Я подбежал к ней… Она ухватилась за мои руки, тяжело дыша и бормоча невнятно, — я не мог ничего понять… Попытался ее поднять, но с нее стало сваливаться платье; она выдернула руки, чтобы затянуть на себе пояс, потом кое-как поднялась, придерживая юбку одной рукой, а другой — показала через рощу. Сквозь натужное судорожное дыхание голос прорывался хрипло, будто карканье ворона:
— Там… Там!..
Послышались мужские голоса, топот бегущих ног, звон оружия — это на крик бежала стража. Они еще поднимались к нам, но самые первые услышали ее слова и тут же кинулись дальше меж деревьев, словно гончие по свежему следу… Они перекликались друг с другом, но вдруг их голоса изменились — и, взглянув через рощу, я увидел его.

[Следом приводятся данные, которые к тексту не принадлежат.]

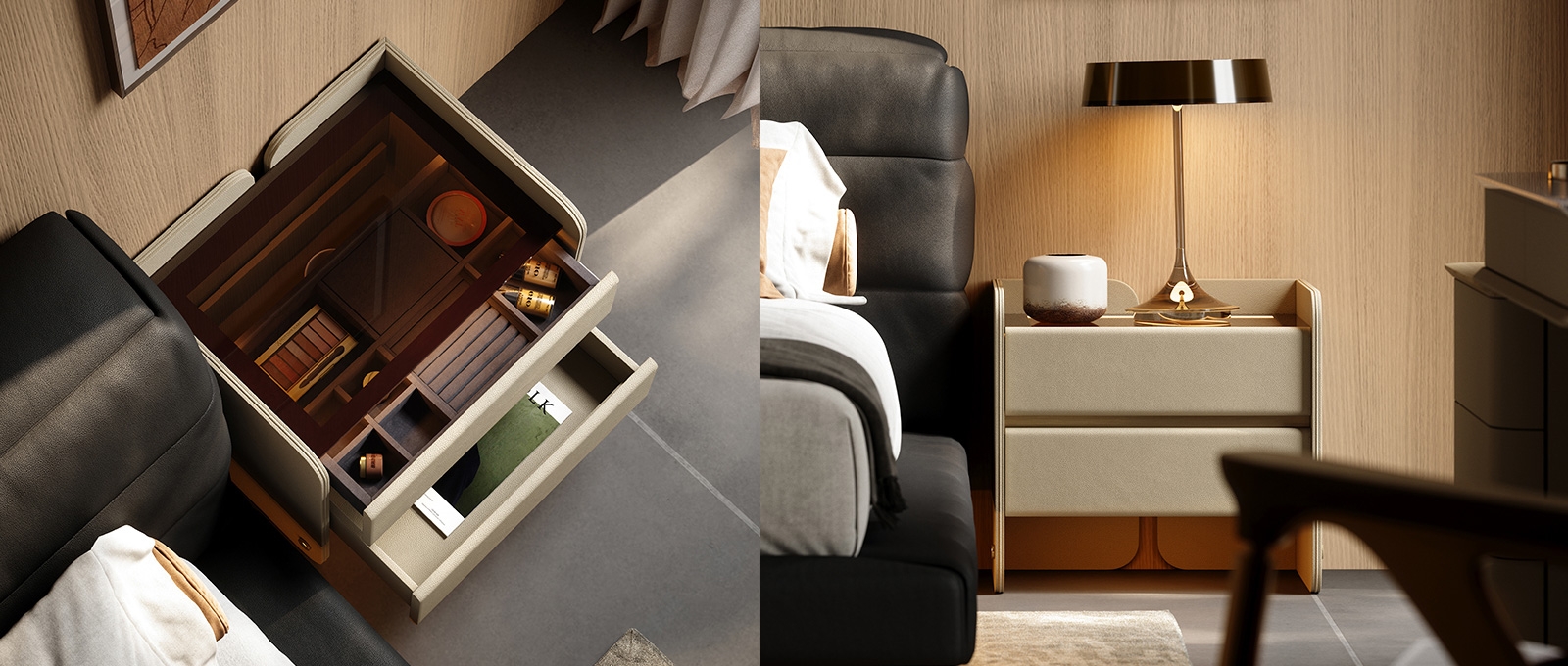 In a rest space that focuses on creating bedroom atmosphere and storing things before going to bed, this bedside table combines genuine leather, metal, and solid wood, with a clever double-drawer design, making it an "intimate partner" by the bed, turning every time you tidy up before going to bed into a healing experience that blends with quality life.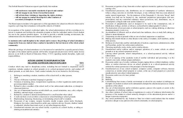 The Enfield Board of Education expects specifically that students

Он убегал в сторону гор, перелетая через валуны, как олень… И морской ветер раздувал его светлые волосы. Во всей Трезене не было других таких волос.
Я стоял как громом пораженный. Чудовищная боль скользнула из головы и наполнила всё тело, казалось во мне не осталось места ни для чего больше…
Всё вокруг превратилось в шум погони, он стучал в висках… Пока только самые первые поняли, кого они преследуют. Но когда имя дойдет до остальных — никто не остановится. Существуют законы, впитанные в самые кости людей, эти законы были на земле уже задолго до принцев…
Я послал кого-то привести служанок царицы, а остальным приказал разойтись и оставить нас вдвоем.
Она кое-как скрепила пряжку юбки… И теперь стояла, ломая руки, раз за разом выкручивая кисти, словно мыла их, мыла — и никак не могла отмыть…
— Быстрей, — говорю. — Никто тебя не услышит. Во имя Зевса, что произошло? Говори.
Она тяжело дышала; с каждым вдохом слышалась дробь стучащих зубов — ничего больше. Я еще держал себя в руках, по привычке вершить правосудие.